Dernekleşme Öyküleri

Dernekler, ilgili mevzuata göre spesifik amaçları ve işlevleri olan kurumlar olarak bilinir ve bu yönüyle çok değişik toplumsal kesimlerin görünür hale gelmelerini sağlarlar. Kuruluş amaçları ve tüzükleri hem bu görünürlüğün hem de faaliyetlerinin sınırlarını belirler. Yasal çerçevede tanımlanmış olmaları nedeniyle genellikle bu sınırların dışına çıkamazlar ve bunu yaptıkları takdirde çeşitli müeyyidelerle karşılaşırlar.

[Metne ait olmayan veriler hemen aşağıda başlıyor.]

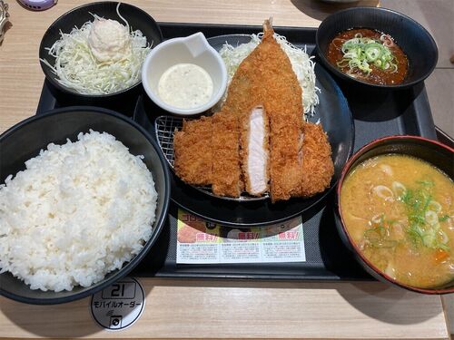上ロースかつ&アジフライ定食(ライス大盛) ¥980 豚汁 ¥180 単品黒麻婆ソース ¥130 ミニポテキャベ ¥801,370円松のや 板橋区役所前店 080-5928-0538 東京都板橋区板橋2-61-10 https://tabelog.com/tokyo/A1322/A132205/13166343/

Fakat 1970’li yılların dernekleri formel olarak böyle olmakla birlikte fiili olarak bu sınırların çok ötesinde kurumlar olarak işliyorlardı. Dönemin politik iklimi, kitleler içinde taraftar bulma ve örgütlenme için derneklerin son derece önemli araçlardan biri olmasını sağlamıştı. Hangi isim ve amaçla kurulmuş olurlarsa olsunlar hızla sözkonusu politik iklimin bir parçası haline geliyorlardı. Bu yüzden dernekleri olmayan bir siyasal hareket düşünülemezdi. Hatta her siyasal hareketin öncelikli işlerinden birisi ulaşılabilen her yerde birer dernek kurmaktı. Sonrası adeta kendiliğinden akıyordu. Dernekler seminerlerin, duvarlara yazı yazmanın, korsan gösterilerin, yürüyüşlerin ve mitinglerin örgütlendiği mekânlar haline geliyorlardı.